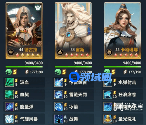 3、水属性法伤阵容推荐:德古拉,宙斯,卡塔琳娜
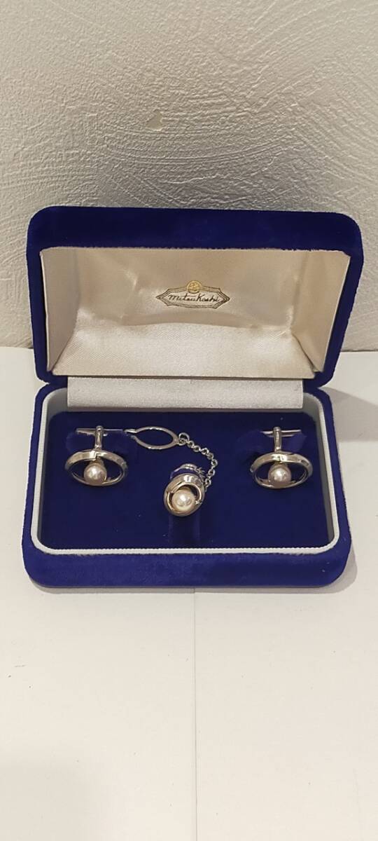 > MITSUKOSHI SILVER タイタック&カフス セット 真珠7mm玉 箱有 三越 シルバー 銀 ネクタイピン パール 71248
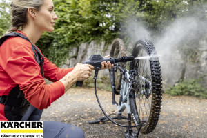 - Soběstačnost a mobilní úklid - Vozík na vodu o objemu 12 litrů umožňuje nezávislé čištění na cestách. Voda vystačí na 3 až 5 silně znečištěných jízdních kol nebo několik předmětů, jako jsou zahradní/kempinkové židle. Nádrž lze naplnit z jakéhokoli kohoutku a díky šroubovacímu uzávěru je odolná proti úniku.
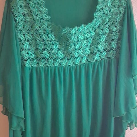 Nydelig sommerkjole fra Zanca Sonne i Danmark selges da den ikke blir brukt. Helt ny, men ikke lapp. Onesize, så passer alt fra S-XL pga belte. Flaggermus-ermer og pene blonder.
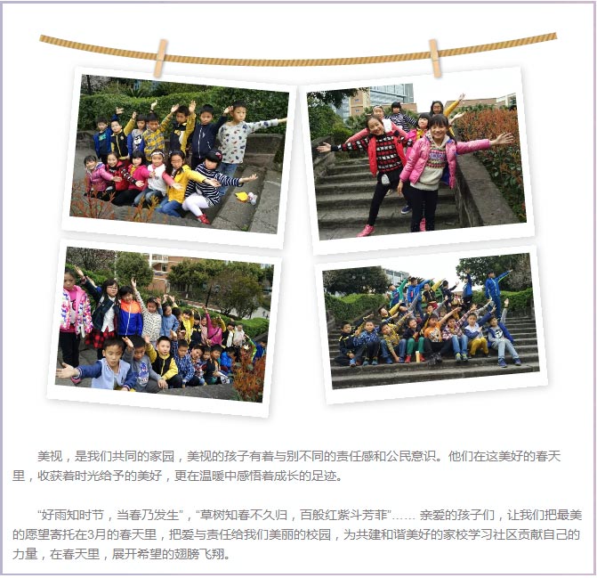 他們以小組為單位,探究學(xué)習(xí),了解春天的時(shí)節(jié)、花草種類,在美麗的校園和春風(fēng)的陪伴下,放飛著一盞盞帶著夢(mèng)想起飛的風(fēng)箏,盡情享受著萬(wàn)物復(fù)蘇的春情和生機(jī)勃勃的春天。
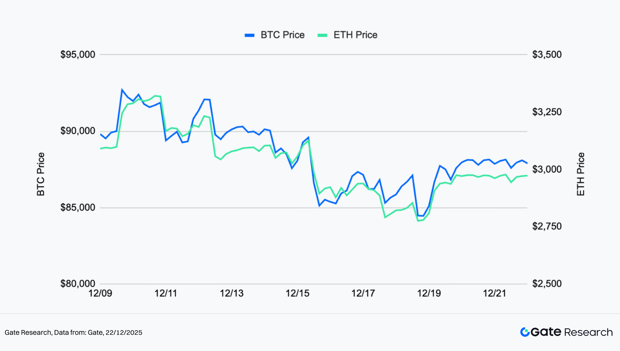 De acordo com a CoinGecko, entre 9 e 22 de dezembro, BTC e ETH registaram uma recuperação ténue após uma fase de descida volátil, com os preços a situarem-se claramente abaixo dos máximos anteriores e o sentimento geral do mercado a manter-se cauteloso. O BTC tentou inicialmente romper em alta, mas rapidamente recuou e entrou numa consolidação instável; várias tentativas de recuperação foram travadas pela resistência superior, sem inverter a tendência de forma significativa, mantendo-se num intervalo técnico inferior. O ETH seguiu em grande parte o percurso do BTC, mas com uma inclinação descendente mais acentuada. Durante a descida, o ETH quebrou sucessivos suportes de curto prazo, e as recuperações subsequentes foram menos expressivas, evidenciando um desempenho inferior ao do BTC.【1】【2】【3】
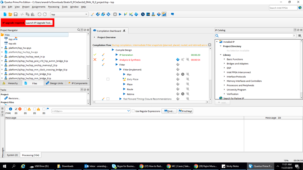 When I install the following reference design, Quartus shows "Installation failed" message and stops.
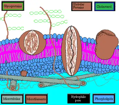 The smaller molecules shown between the phospholipids are Cholesterol molecules. They help to provide rigidity or stability to the membrane. The two main components of phospholipids are shown in these figures by blue circles representing the hydrophilic head groups and by long thin lines representing the hydrophobic fatty acid tails.
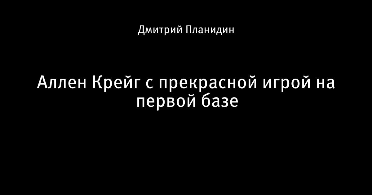 31 июля 2013, 17:50 Аллен Крейг с прекрасной игрой на первой базе 1 Автор Дмитрий Планидин Этот пост опубликован в блоге на Трибуне Sports.ru. Присоединяйтесь к крупнейшему сообществу спортивных болельщиков! Другие посты блога Телевизор 3.0 MLB Сент-Луис

========================

Work instructions: Each record must be repeated exactly, and no picture may be carried over.

Solution for this task:
 3、水属性法伤阵容推荐:德古拉,宙斯,卡塔琳娜
 > MITSUKOSHI SILVER タイタック&カフス セット 真珠7mm玉 箱有 三越 シルバー 銀 ネクタイピン パール 71248
 - Soběstačnost a mobilní úklid - Vozík na vodu o objemu 12 litrů umožňuje nezávislé čištění na cestách. Voda vystačí na 3 až 5 silně znečištěných jízdních kol nebo několik předmětů, jako jsou zahradní/kempinkové židle. Nádrž lze naplnit z jakéhokoli kohoutku a díky šroubovacímu uzávěru je odolná proti úniku.
 Nydelig sommerkjole fra Zanca Sonne i Danmark selges da den ikke blir brukt. Helt ny, men ikke lapp. Onesize, så passer alt fra S-XL pga belte. Flaggermus-ermer og pene blonder.
 他們以小組為單位,探究學(xué)習(xí),了解春天的時(shí)節(jié)、花草種類,在美麗的校園和春風(fēng)的陪伴下,放飛著一盞盞帶著夢(mèng)想起飛的風(fēng)箏,盡情享受著萬(wàn)物復(fù)蘇的春情和生機(jī)勃勃的春天。
 De acordo com a CoinGecko, entre 9 e 22 de dezembro, BTC e ETH registaram uma recuperação ténue após uma fase de descida volátil, com os preços a situarem-se claramente abaixo dos máximos anteriores e o sentimento geral do mercado a manter-se cauteloso. O BTC tentou inicialmente romper em alta, mas rapidamente recuou e entrou numa consolidação instável; várias tentativas de recuperação foram travadas pela resistência superior, sem inverter a tendência de forma significativa, mantendo-se num intervalo técnico inferior. O ETH seguiu em grande parte o percurso do BTC, mas com uma inclinação descendente mais acentuada. Durante a descida, o ETH quebrou sucessivos suportes de curto prazo, e as recuperações subsequentes foram menos expressivas, evidenciando um desempenho inferior ao do BTC.【1】【2】【3】
 When I install the following reference design, Quartus shows "Installation failed" message and stops.
 The smaller molecules shown between the phospholipids are Cholesterol molecules. They help to provide rigidity or stability to the membrane. The two main components of phospholipids are shown in these figures by blue circles representing the hydrophilic head groups and by long thin lines representing the hydrophobic fatty acid tails.
 31 июля 2013, 17:50 Аллен Крейг с прекрасной игрой на первой базе 1 Автор Дмитрий Планидин Этот пост опубликован в блоге на Трибуне Sports.ru. Присоединяйтесь к крупнейшему сообществу спортивных болельщиков! Другие посты блога Телевизор 3.0 MLB Сент-Луис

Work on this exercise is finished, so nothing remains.